=== Input for this task ===
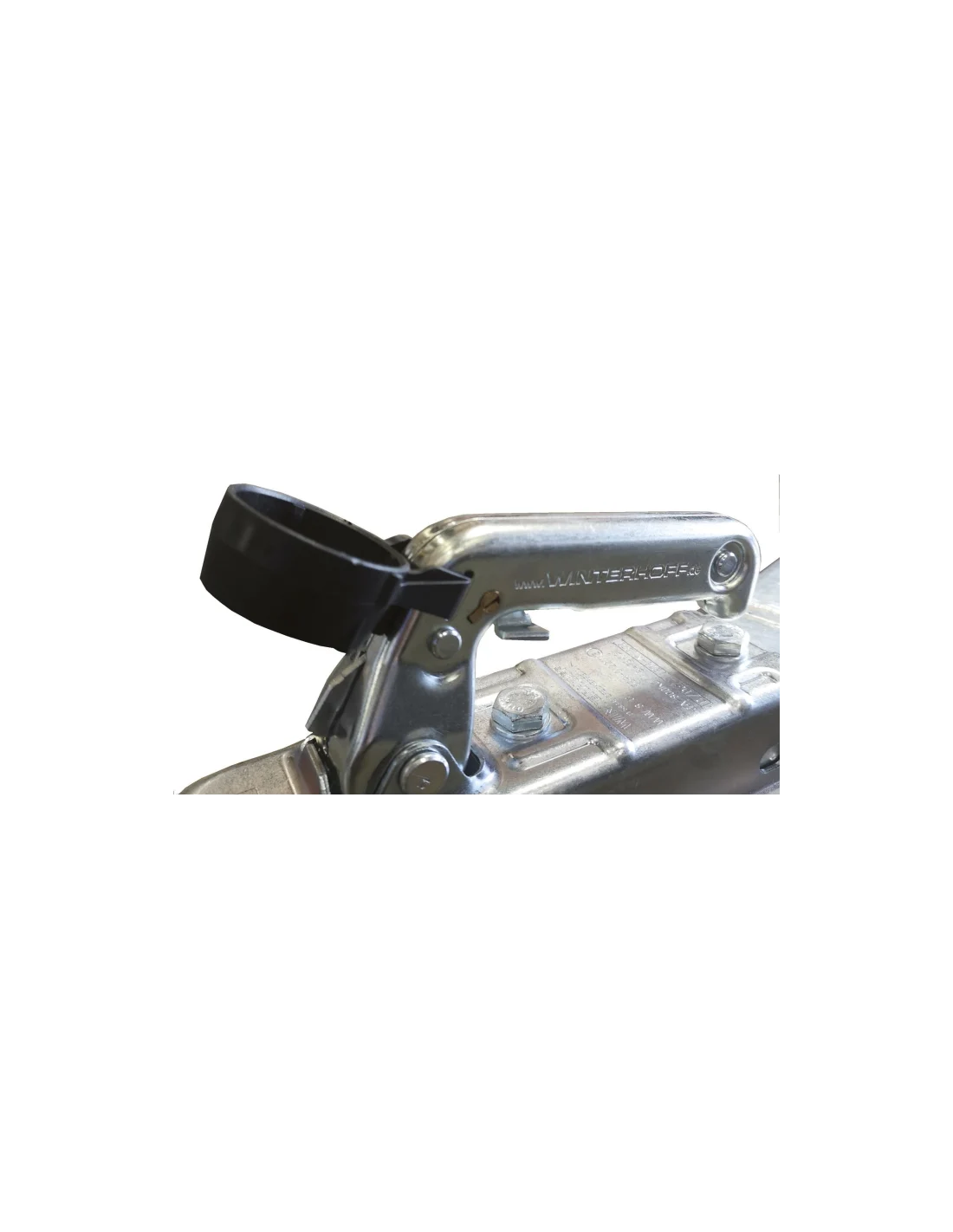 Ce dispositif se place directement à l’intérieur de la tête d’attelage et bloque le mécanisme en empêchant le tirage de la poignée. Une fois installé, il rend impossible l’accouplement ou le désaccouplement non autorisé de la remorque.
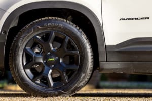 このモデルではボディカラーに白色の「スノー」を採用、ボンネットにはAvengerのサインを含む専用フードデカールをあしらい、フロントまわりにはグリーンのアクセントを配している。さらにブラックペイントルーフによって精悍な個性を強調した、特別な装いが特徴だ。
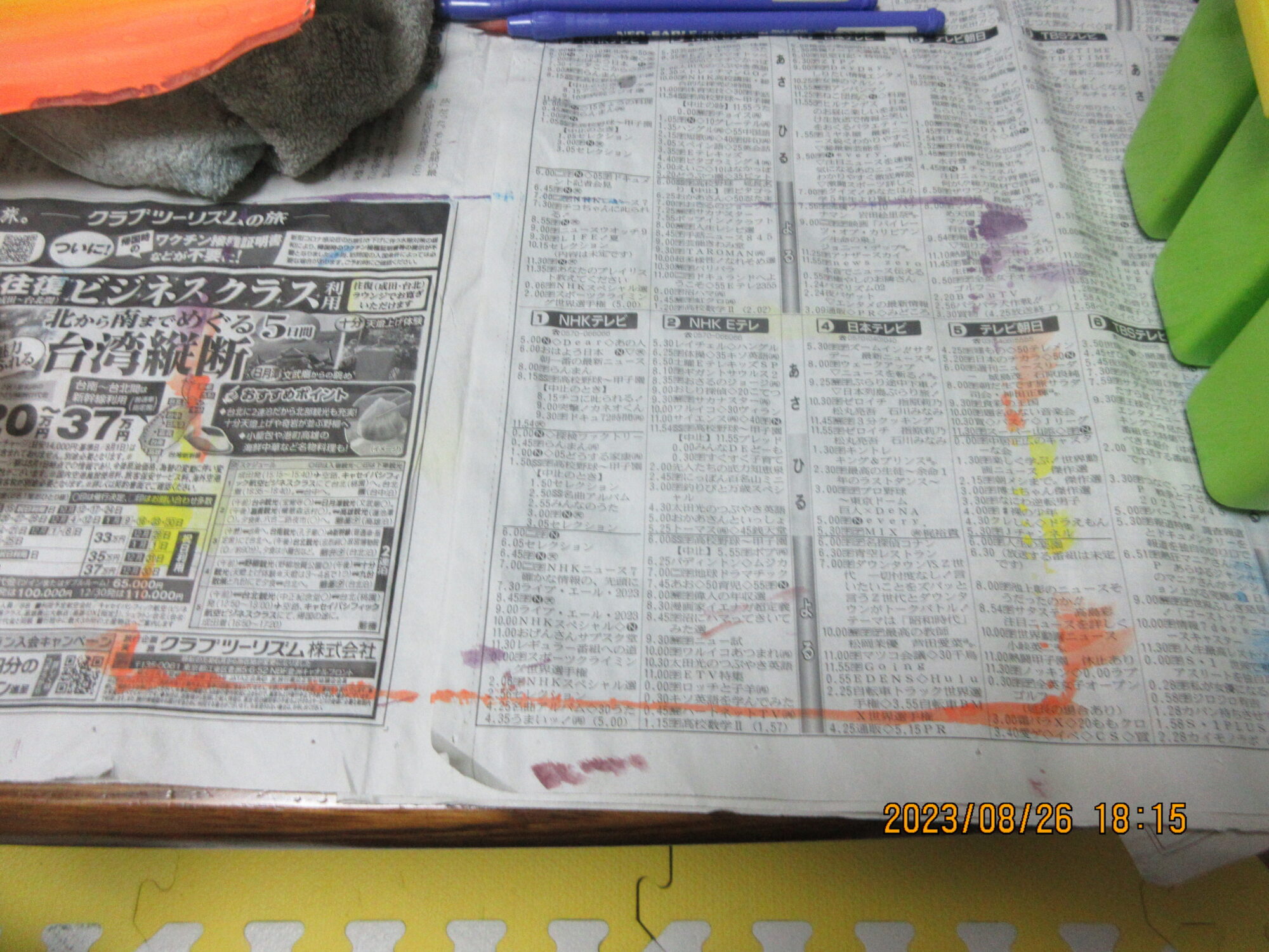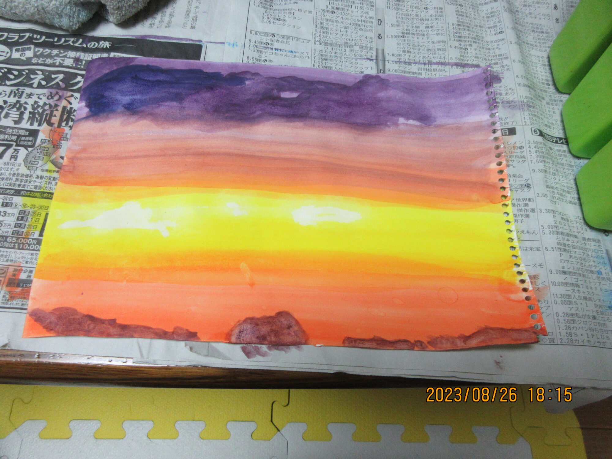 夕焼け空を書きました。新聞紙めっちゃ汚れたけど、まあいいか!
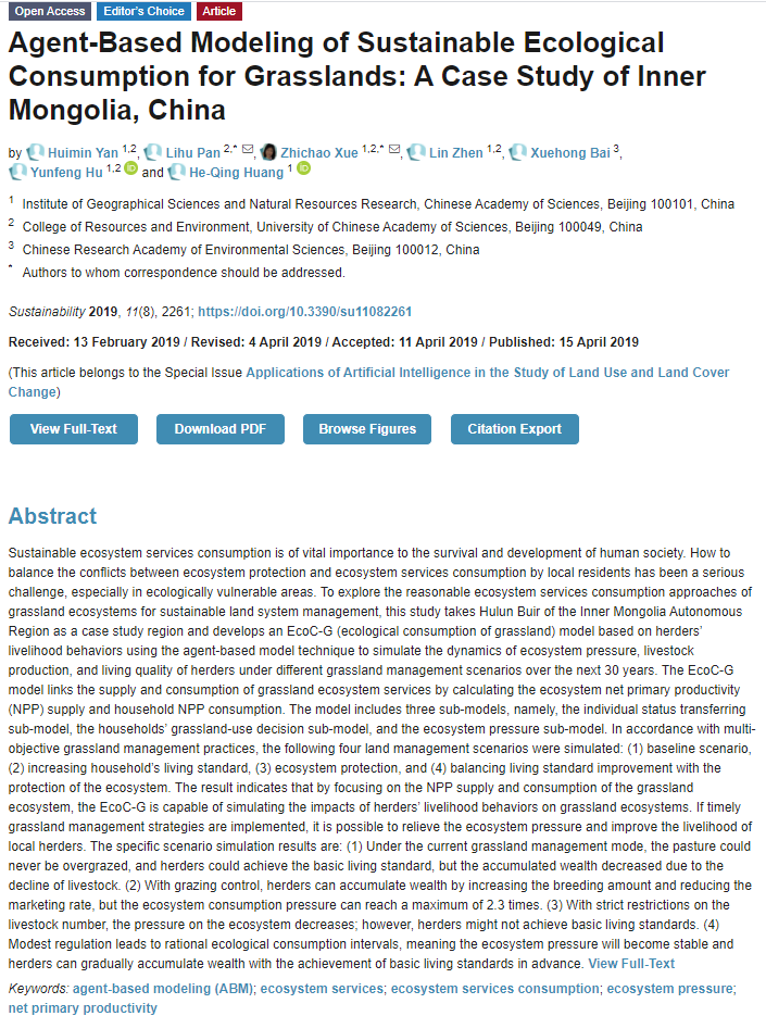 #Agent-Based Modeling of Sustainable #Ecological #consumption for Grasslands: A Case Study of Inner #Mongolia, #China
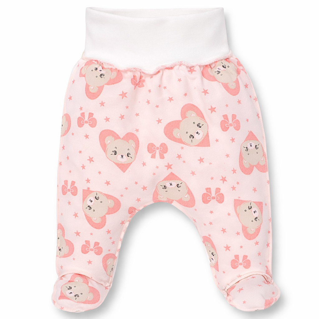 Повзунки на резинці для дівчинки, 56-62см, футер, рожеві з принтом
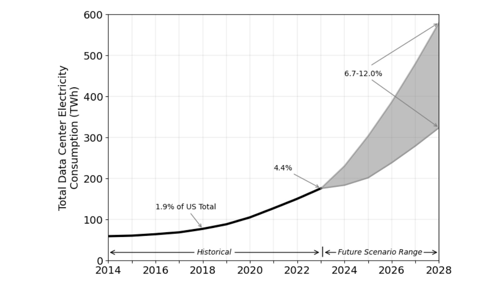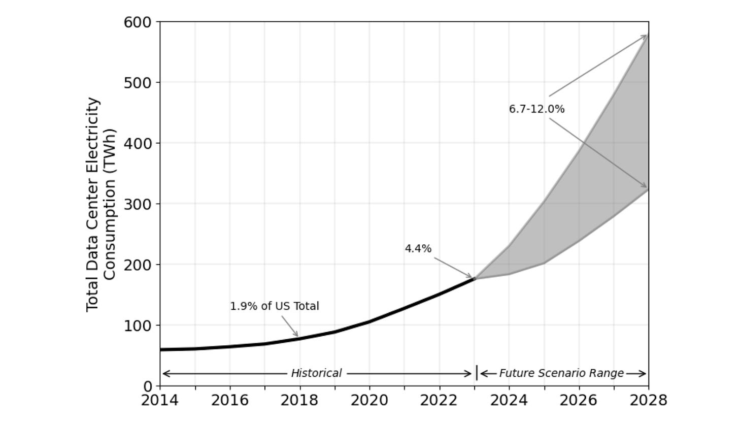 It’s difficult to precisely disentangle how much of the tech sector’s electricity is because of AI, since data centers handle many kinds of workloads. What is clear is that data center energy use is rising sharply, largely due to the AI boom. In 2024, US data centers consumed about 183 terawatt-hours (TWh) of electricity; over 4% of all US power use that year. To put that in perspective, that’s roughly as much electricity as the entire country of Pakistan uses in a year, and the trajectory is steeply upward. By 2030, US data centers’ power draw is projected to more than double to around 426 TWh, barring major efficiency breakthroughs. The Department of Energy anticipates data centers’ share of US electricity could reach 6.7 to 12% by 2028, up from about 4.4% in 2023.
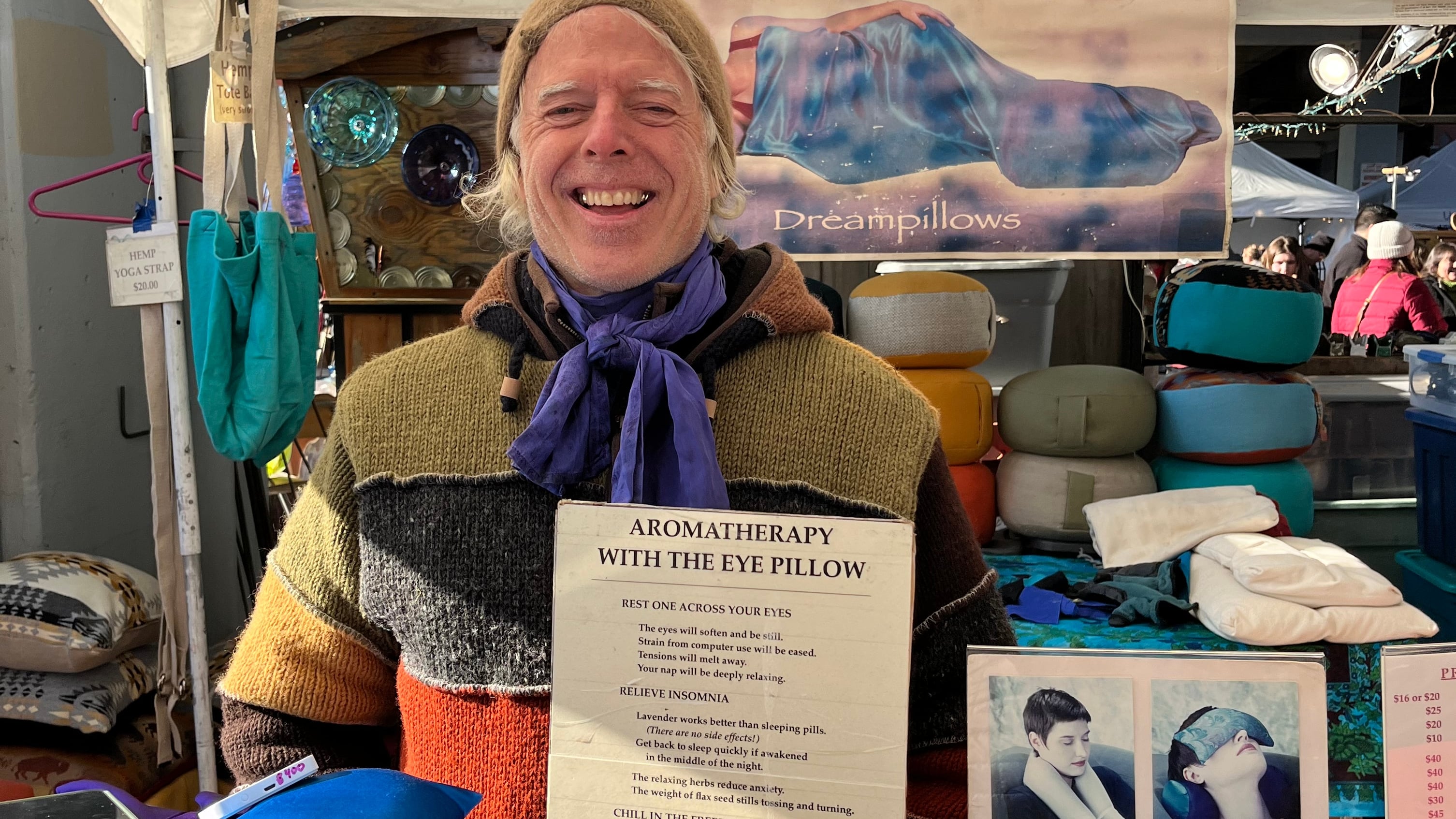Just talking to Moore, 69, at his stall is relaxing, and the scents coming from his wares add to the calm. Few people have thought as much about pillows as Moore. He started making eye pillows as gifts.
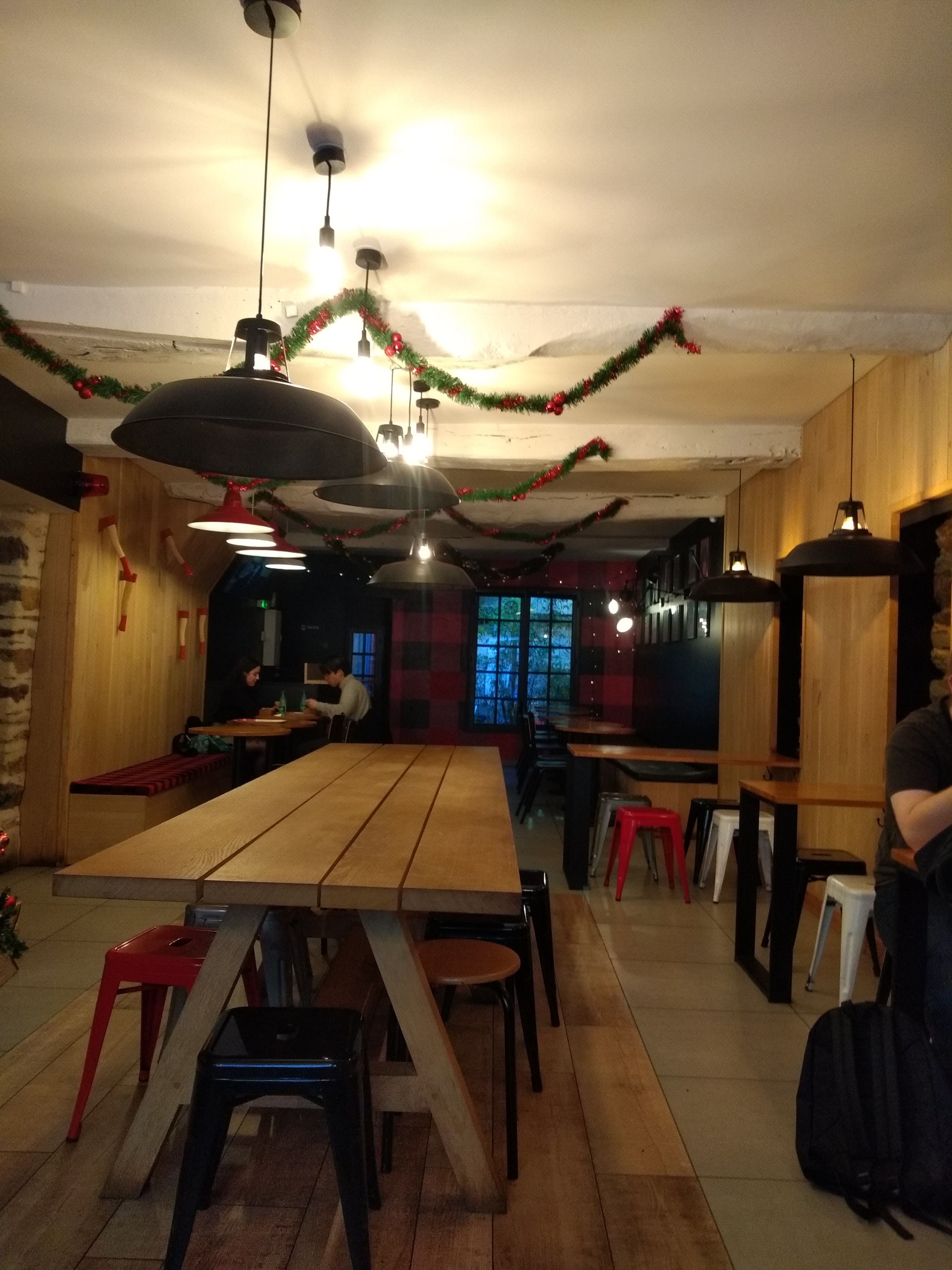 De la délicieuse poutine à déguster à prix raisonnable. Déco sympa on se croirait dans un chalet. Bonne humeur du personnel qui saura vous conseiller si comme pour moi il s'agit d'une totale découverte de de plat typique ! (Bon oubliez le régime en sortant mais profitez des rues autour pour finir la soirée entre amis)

=== Problem description ===
The records above must be returned exactly, with each picture omitted.

=== Solution to this problem ===
 Ce dispositif se place directement à l’intérieur de la tête d’attelage et bloque le mécanisme en empêchant le tirage de la poignée. Une fois installé, il rend impossible l’accouplement ou le désaccouplement non autorisé de la remorque.
 このモデルではボディカラーに白色の「スノー」を採用、ボンネットにはAvengerのサインを含む専用フードデカールをあしらい、フロントまわりにはグリーンのアクセントを配している。さらにブラックペイントルーフによって精悍な個性を強調した、特別な装いが特徴だ。
 夕焼け空を書きました。新聞紙めっちゃ汚れたけど、まあいいか!
 #Agent-Based Modeling of Sustainable #Ecological #consumption for Grasslands: A Case Study of Inner #Mongolia, #China
 Повзунки на резинці для дівчинки, 56-62см, футер, рожеві з принтом
 It’s difficult to precisely disentangle how much of the tech sector’s electricity is because of AI, since data centers handle many kinds of workloads. What is clear is that data center energy use is rising sharply, largely due to the AI boom. In 2024, US data centers consumed about 183 terawatt-hours (TWh) of electricity; over 4% of all US power use that year. To put that in perspective, that’s roughly as much electricity as the entire country of Pakistan uses in a year, and the trajectory is steeply upward. By 2030, US data centers’ power draw is projected to more than double to around 426 TWh, barring major efficiency breakthroughs. The Department of Energy anticipates data centers’ share of US electricity could reach 6.7 to 12% by 2028, up from about 4.4% in 2023.
Just talking to Moore, 69, at his stall is relaxing, and the scents coming from his wares add to the calm. Few people have thought as much about pillows as Moore. He started making eye pillows as gifts.
 De la délicieuse poutine à déguster à prix raisonnable. Déco sympa on se croirait dans un chalet. Bonne humeur du personnel qui saura vous conseiller si comme pour moi il s'agit d'une totale découverte de de plat typique ! (Bon oubliez le régime en sortant mais profitez des rues autour pour finir la soirée entre amis)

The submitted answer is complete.